Falstaff From United States of America, joined Jun 2006, 6162 posts, RR: 29 Posted (8 years 5 months 1 week 3 days 4 hours ago) and read 3654 times:
Remember those headsets that you would have that pluged into the arm rest, I have not seen them in use since 1991. How did they work? It was not an audio cable, but a hollow tube that plugged into the armrest. Was there a speaker in there that would put the sound through the tube? Why would you do it like that rather than just have a wired audio cord, like what we have now. I still see that old system on some NWA DC-9s, but it doesn't function. I always remember listening to that on TWA L1011s when I was a kid. If you listened long enough you would hear the stuff repeat, was there a cassette, 8-track, or dat? I remember once having a selection of air traffic control/cockpit audio. I don't remember which airline that was, I was very young. it would have been Ozark, TWA, United, or Frontier (the old one). I can't imagine anyone doing that anymore. Does anyone still use that type of system.
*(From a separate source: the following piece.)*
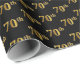Este diseño de papel envolvente presenta el número ordinal "70" con un aspecto falso/imitación dorado. También tiene un fondo de color negro. Se puede usar cuando se envuelven regalos para el septuagésimo cumpleaños de alguien, o tal vez para el septuagésimo aniversario del boda de una pareja casada, o para algún otro acontecimiento u ocasión del 70. [~Z0000124]
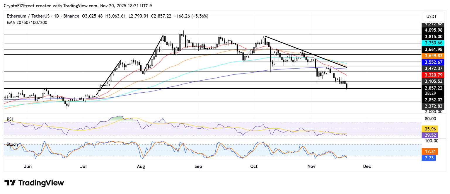 周四加密货币市场延续下跌趋势,以太坊(ETH)在2850美元附近的支撑位面临巨大压力。若跌破2850美元,ETH可能进一步下探至2300美元附近的支撑位。

That was before WN was whipping efficiency into the other carriers. I used to fly AA LAX-DFW (usually 757's) a few times a year for college and I used to hope the plane was full enough (i.e. had more than 20 people on it) so that they wouldn't stick me in the last seat of first class (or maybe it was business - I still got coach treatment the Flight Attendents just didn't want to walk so far) If that didn't happen I was practically guaranteed a bank of 3 empty seats somewhere in coach. I don't remember ever listening to the music with out tube headphones, but it wouldn't have been hard in the days of 1/2 empty planes.
Falstaff From United States of America, joined Jun 2006, 6162 posts, RR: 29
Reply 9, posted (8 years 5 months 1 week 3 days 3 hours ago) and read 3506 times:
My dad was cheap and made sure we brought our own headsets with us. I bet nowadays they would get all worked up if you whipped out your own headset. I would not know because I always fly NWA domesticly and I am suprised we can still read a emergency card! ha ha. I do have a nice set of headphones from NWA world business class. I must say they sound good. Much better than the older tube variety, but I still like the classic stuff.
I believe that Delta had them on domestic flights until late 2003, when Delta changed to purchased headsets. On the 757 and 767-300 with the new refurbished interior, the holes for the old headsets have been covered up.
The Pink Delta 767-400ER - The most beautiful aircraft in the sky
SeeTheWorld From United States of America, joined Dec 2005, 1325 posts, RR: 4
Reply 14, posted (8 years 5 months 1 week 3 days 2 hours ago) and read 3432 times:
Quoting FoxBravo (Reply 4): Sometimes you can hear the sound coming directly out of the armrests if the volume is turned up high enough.
LOL ... a blast from the past ... As a kid in the 1970s ... I would put my ear up to the armrest and turn the volume up to hear the music before they had passed out the earphones ... worked like a charm -- for a kid anyway.
Lredlefsen From United States of America, joined Apr 2006, 151 posts, RR: 0
Reply 16, posted (8 years 5 months 1 week 3 days 2 hours ago) and read 3370 times:
Quoting Falstaff (Thread starter): Remember those headsets that you would have that pluged into the arm rest, ... It was ... a hollow tube that plugged into the armrest.
Ooohh... those were headsets? I always thought they were meant to help you breathe if you got stuck in a smoking section... I'd always stick the plugs into my nose, and hold the other end low to the ground, where I could get to air that wasn't quite as smoky. No wonder people looked at me funny...
ToTheStars From United States of America, joined Jan 2005, 264 posts, RR: 0
Reply 18, posted (8 years 5 months 1 week 3 days ago) and read 3255 times:
I flew for TWA and remember those headsets very well, we used to have to pick them up in bundles of ten and return them to the headset bag, they would be taken off at the next station to be "sanitized." Man those things hurt your ears after a while.